[PATCH 1/1] xfs: introduce new file range commit ioctls

[Date Prev][Date Next][Thread Prev][Thread Next][Date Index][Thread Index]

 



From: Darrick J. Wong <djwong@xxxxxxxxxx>

This patch introduces two more new ioctls to manage atomic updates to
file contents -- XFS_IOC_START_COMMIT and XFS_IOC_COMMIT_RANGE.  The
commit mechanism here is exactly the same as what XFS_IOC_EXCHANGE_RANGE
does, but with the additional requirement that file2 cannot have changed
since some sampling point.  The start-commit ioctl performs the sampling
of file attributes.

Note: This patch currently samples i_ctime during START_COMMIT and
checks that it hasn't changed during COMMIT_RANGE.  This isn't entirely
safe in kernels prior to 6.12 because ctime only had coarse grained
granularity and very fast updates could collide with a COMMIT_RANGE.
With the multi-granularity ctime introduced by Jeff Layton, it's now
possible to update ctime such that this does not happen.

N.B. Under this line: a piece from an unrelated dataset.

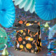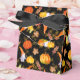 Esta es una divertida caja de favores de la fiesta con gnomos, calabazas y hojas en colores de otoño sobre un fondo negro. Ideal para Acción de Gracias o cualquier otro fiesta que esté teniendo en la temporada de otoño.

It is critical, then, that this patch must not be backported to any
kernel that does not support fine-grained file change timestamps.

Signed-off-by: Darrick J. Wong <djwong@xxxxxxxxxx>
Acked-by: Jeff Layton <jlayton@xxxxxxxxxx>
Reviewed-by: Christoph Hellwig <hch@xxxxxx>
---
 fs/xfs/libxfs/xfs_fs.h |   26 +++++++++
 fs/xfs/xfs_exchrange.c |  143 ++++++++++++++++++++++++++++++++++++++++++++++++
 fs/xfs/xfs_exchrange.h |   16 +++++
 fs/xfs/xfs_ioctl.c     |    4 +
 fs/xfs/xfs_trace.h     |   57 +++++++++++++++++++
 5 files changed, 243 insertions(+), 3 deletions(-)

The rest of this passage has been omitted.